Bring your own Azure Data Lake Storage Gen2

Power Automate Process Mining gives you the option to store and read event log data directly from Azure Data Lake Storage Gen2. This feature simplifies extract, transform, load (ETL) management by connecting directly to your storage account.

Prerequisites

  • The Data Lake Storage account must be Gen2. You can check this out from the Azure portal. Azure Data Lake Gen1 storage accounts aren't supported.

  • The Data Lake Storage account must haveĀ hierarchical namespace enabled.

  • The Owner role must be attributed to the user performing the initial container setup for the environment for the following users in the same environment. These users are connecting to the same container and must have the Storage Blob Data Reader role assigned.

  • Resource Sharing (CORS) rule to your storage account should be established to share with Power Automate Process Mining.

    • Allowed origins must be set to https://make.powerapps.com.
    • Allowed methods must include: get, options, put.
    • Allowed headers should be as flexible as possible. We recommend defining them as *.
    • Exposed headers should be as flexible as possible. We recommend defining them as *.
    • The maximum age should be as flexible as possible. We recommend using 86400.

    Screenshot of the example of CORS setting screen.

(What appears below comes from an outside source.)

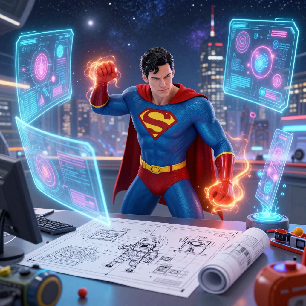 Photograph-style digital illustration of Superman standing in a high-tech office at night, with a city skyline in the background. Superman, a muscular man with short black hair, wears his iconic blue suit with a red cape and "S" emblem, red trunks, and yellow belt. He has glowing, fiery hands and is surrounded by floating holographic screens displaying colorful, neon-blue tech interfaces. In front of him, a large blueprint of a robotic figure is spread on a desk, accompanied by a laptop, a red toy car, and various tech gadgets. The scene combines superhero elements with modern technology.

  • Data in your Data Lake Storage should meet the following CSV file format requirements:

    • Compression type: None
    • Column delimiter: Comma (,)
    • Row delimiter: Default and encoding. For example, Default (\r,\n, or \r\n)

    Screenshot of the File format settings screen.

  • All data must be in final event log format and meet the requirements listed in Data requirements. Data should be ready to be mapped to the process mining schema. No data transformation is available post ingestion.

  • The size (width) of the header row is currently limited to 1 MB.

Important

Ensure that time stamp represented in your CSV file follows the ISO 8601 standard format (for example, YYYY-MM-DD HH:MM:SS.sss or YYYY-MM-DDTHH:MM:SS.sss).

Connect to Azure Data Lake Storage

  1. On the navigation pane to the left, select Process mining > Start here.

  2. In the Process name field, enter a name for your process.

  3. Under the Data source heading, select Import data > Azure Data Lake > Continue. Screenshot of the Create process step.

  4. On the Connection setup screen, select your Subscription ID, Resource Group, Storage account, and Container from the dropdown menus.

  5. Select the file or folder containing the event log data.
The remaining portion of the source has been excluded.